Niheer’s contribution to the discussion focused on a DLP paper co-authored with Lior Erez (University of Cambridge), The Donor's Dilemma: Thinking Politically About Difficult Choices. The paper is currently being considered for the 2016 Brian Barry Prize in Political Science, awarded annually by the British Academy for the Humanities and Social Sciences.
The GGI event considered criticism that aid can do more harm than good if it helps maintain regimes known to be committing human rights abuses. Given the messy politics and extreme situations that donors and development NGOs often face in developing countries, how should they respond to the dilemmas that aid delivery presents? What rules should guide their actions, and how could these rules be justified?
Lior presented the framework that The Donor’s Dilemma paper offers to practitioners and policymakers to help them decide whether or not they should work with partners who are not committed to democratic governance. Niheer focused on why it is important to openly acknowledge and then try to address such dilemmas when giving aid to non-democratic states.
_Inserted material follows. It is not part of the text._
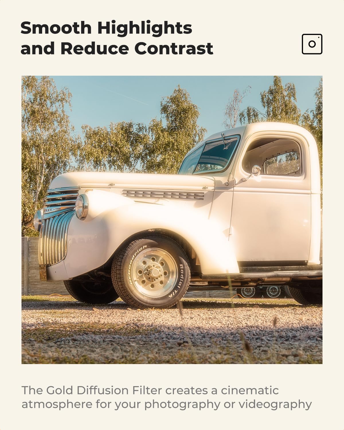 • Vintage Film Texture: This gold diffusion filter can soften highlights and reduce contrast, creating a cinematic atmosphere for your photography or videography.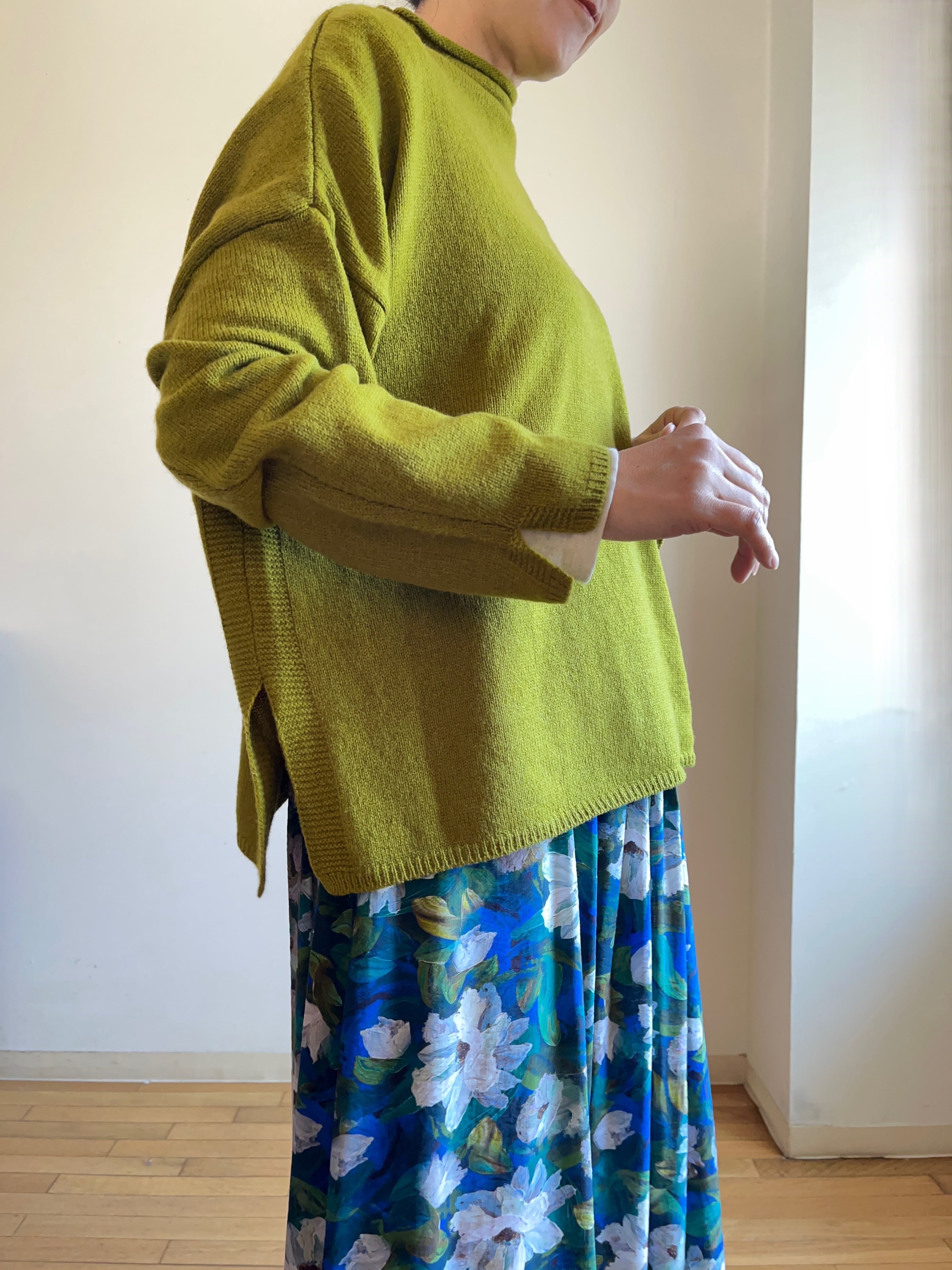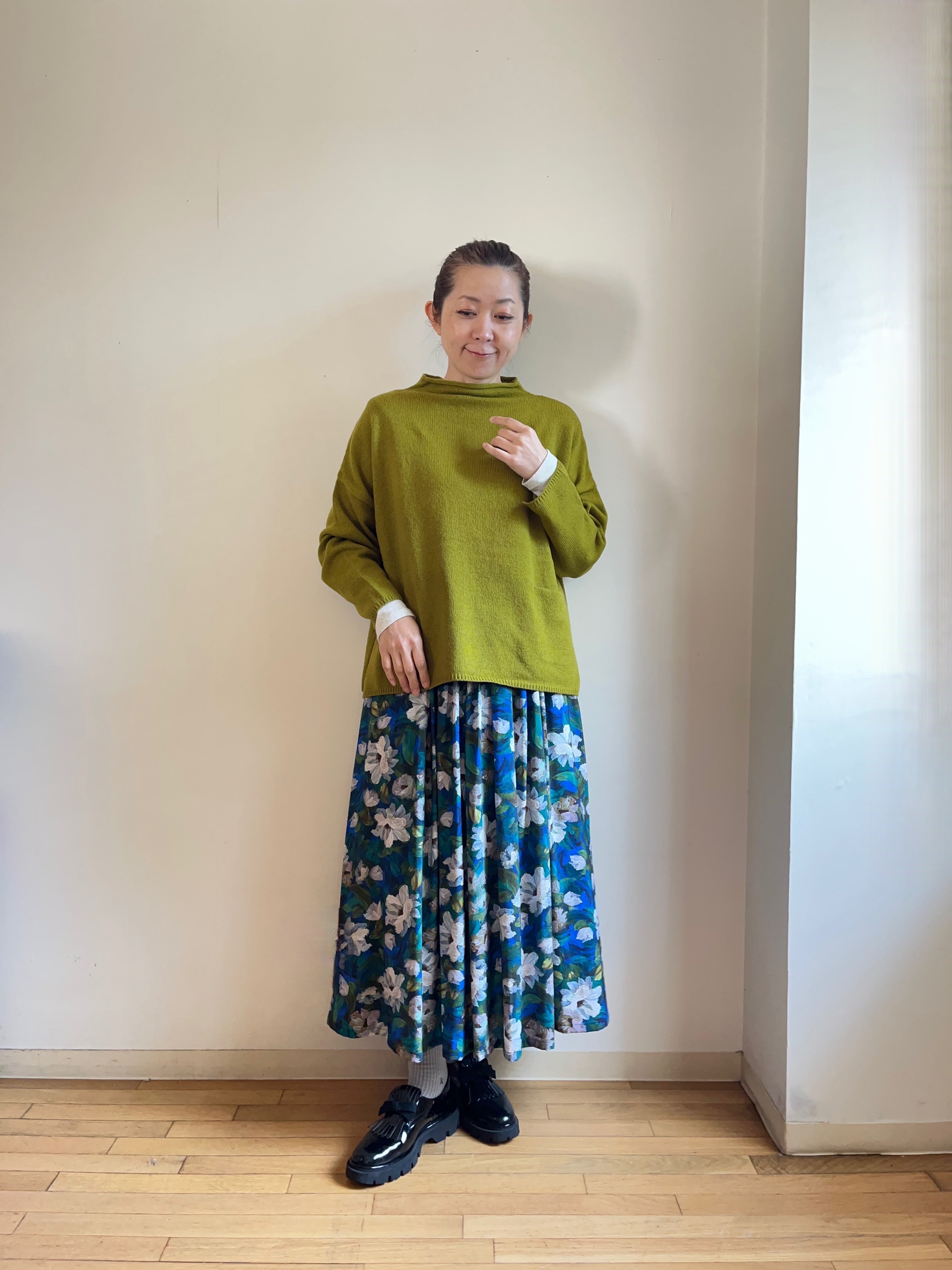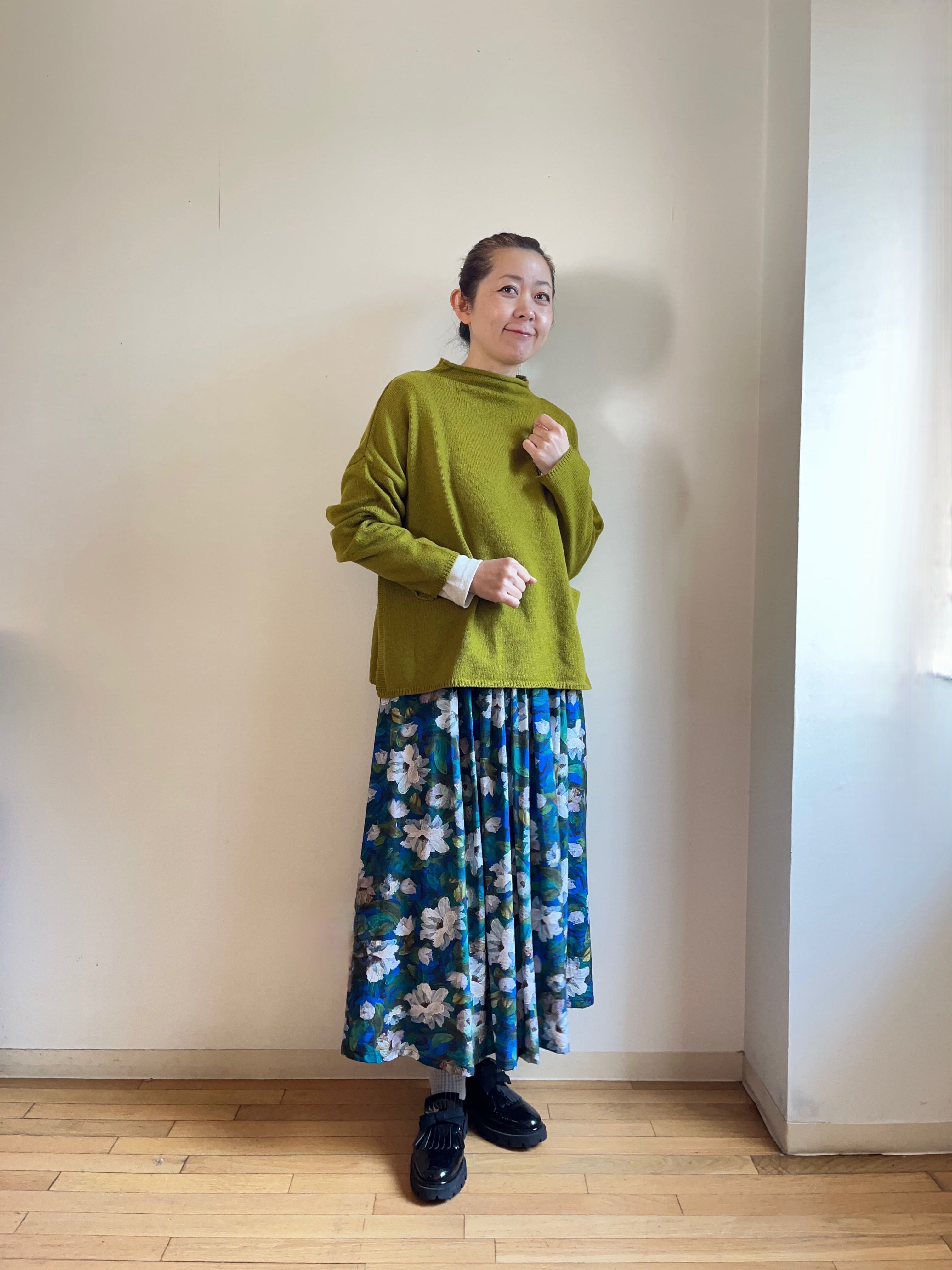 このニットは、デニムやスカートなどのボトムスと相性抜群で、カジュアルからオフィスシーンまで幅広く活躍します。重ね着にも最適で、温かさを保ちつつスタイリッシュな印象を与えます。普段使いはもちろん、ちょっとしたお出かけにも活躍する一枚です!

He argued that this was a key issue for everyone seeking to think and work politically in development.
While it seems desirable to give aid to any type of government that is committed to achieving development, helping a non-democractic regime can also be seen as condoning or even supporting rights violations.
The Donor’s Dilemma paper suggests that there are three analytically distinct types of ‘donor’s dilemma’: complicity, double effect and dirty hands. Each type can be identified and dealt with differently, and it is possible to apply a ‘thinking and working politically’ approach to such dilemmas that is not normatively silent. On the contrary, analysing and understanding political contexts and constraints is indispensable for normative evaluations of the dilemmas generated by development aid.
Also speaking at the event was Jennifer Rubenstein, Associate Professor in Political Theory in the Department of Politics, University of Virginia, and author of the recently published Between Samaritans and States: The Political Ethics of Humanitarian INGOs. She discussed the dilemmas of rule-making in humanitarian and development aid, focusing on the Core Humanitarian Standard (CHS) and other rules for the aid sector.
She said that in trying to understand and evaluate these rules, they ought to be considered from a perspective suggested by the political-theoretical literature on emergency powers which examines how rules both empower political actors to deal effectively with emergencies, and constrain them from abusing that power. Rubenstein argued that aid organisations are, in fact, political actors that exercise political power and they therefore need rather more than useful checklists or aspirational goals to direct what they do. They need adequate power to act and clearly defined boundaries to act within.